The program shows canonical use of both adapters, first of a stack and then of a queue. Even though the same ten elements are added to both in the same order, the output confirms that they will be taken out in opposite orders:

The elements coming of the top of the stack:     9 8 7 6 5 4 3 2 1 0
The elements coming from the front of the queue: 0 1 2 3 4 5 6 7 8 9
There are two things worth noticing about Ex19_02:
  • The pop() function does not return any element. You must therefore typically first access these elements using top() or front(), depending on which adapter you use. (Unsurprisingly, the same holds by the way for all pop_front() and pop_back() members of the various sequence containers.)
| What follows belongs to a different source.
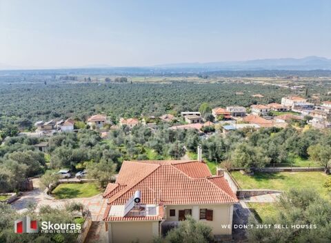 In a captivating natural landscape filled with olive groves and open horizons, in the privileged area of Aipeia in Messinia, an exceptional quality two-storey detached house with a total surface of 285.27 sq.m. is available for sale, set on a 4,000 sq.m. plot that offers a complete sense of freedom, privacy, and harmony with nature. The residence is characterized by careful construction, excellent condition, and a highly functional layout that allows it to be used either as a spacious family home or as two fully independent residences, thanks to both the internal and external connection of the levels. On the ground floor, there is an impressive and bright living area with an energy-efficient fireplace and an open-plan modern kitchen, where large openings allow natural light to fill the space, creating a warm and welcoming atmosphere throughout the day, while on the same level there are two comfortable bedrooms, one of which is a master suite, as well as a stylish high-specification bathroom. The upper floor features a similar layout with a living room, kitchen, and two additional spacious bedrooms, while from its large balcony one can enjoy unobstructed panoramic views of the Messinian plain and the unique sunsets that offer moments of relaxation and well-being. The outdoor area is carefully landscaped with paved surfaces, areas of lush green lawn, productive olive trees, fruit trees, and ornamental plantings, while the stone fencing and large automatic sliding gate enhance the sense of security and privacy. Additionally, it offers a closed parking space, a laundry-storage area, and the possibility of building a swimming pool, while modern equipment such as a heat pump, autonomous heating, air conditioning, solar water heater, alarm system, and full furnishing make the property immediately habitable. Its strategic location ensures quick access to the city of Kalamata, the airport, and the impressive beaches of the area, making it an ideal choice for those seeking a high-quality Mediterranean lifestyle or a remarkable investment opportunity.

  • Beyond those used in the example, there are actually only a few other member functions that std::stack<> and queue<> provide. Both have the conventional size(), empty(), and swap() functions, but that is about it. Like we said, the interface of these adapters is specifically tailored for one specific use and that use alone.

Tip

Container adapters are typically used to manage elements that represent tasks that need to be executed in a setting where executing all tasks at once is unfeasible. If independent or consecutive tasks are scheduled, then a queue<> is often the most natural data structure to use. Tasks are then simply executed in the order in which they are requested. If the tasks represent subtasks of other scheduled or suspended tasks, then you normally want all subtasks to finish first before initiating or resuming their parent tasks. A stack<> is then the easiest approach (note that this is also how C++ executes functions—using a call stack!).

FIFO and LIFO are thus useful for most simple task scheduling applications; for more complex scenarios, priority-based scheduling may be required. This is what std::priority_queue<> provides, which is the container adapter that we’ll briefly introduce next.

Priority Queues

The final container adapter is std::priority_queue<>, defined by the same queue header as queue<>. You can compare a priority queue to how a queue works at a real night club; that is, certain groups of guests will get in before others. Guests that have a higher priority—VIPs, good-looking ladies, even daft nephews of the nightclub’s owner—take precedence over those with lower priority. Another analogy is the queue at your local super market or bus stop, where disabled people and pregnant women can cut the line.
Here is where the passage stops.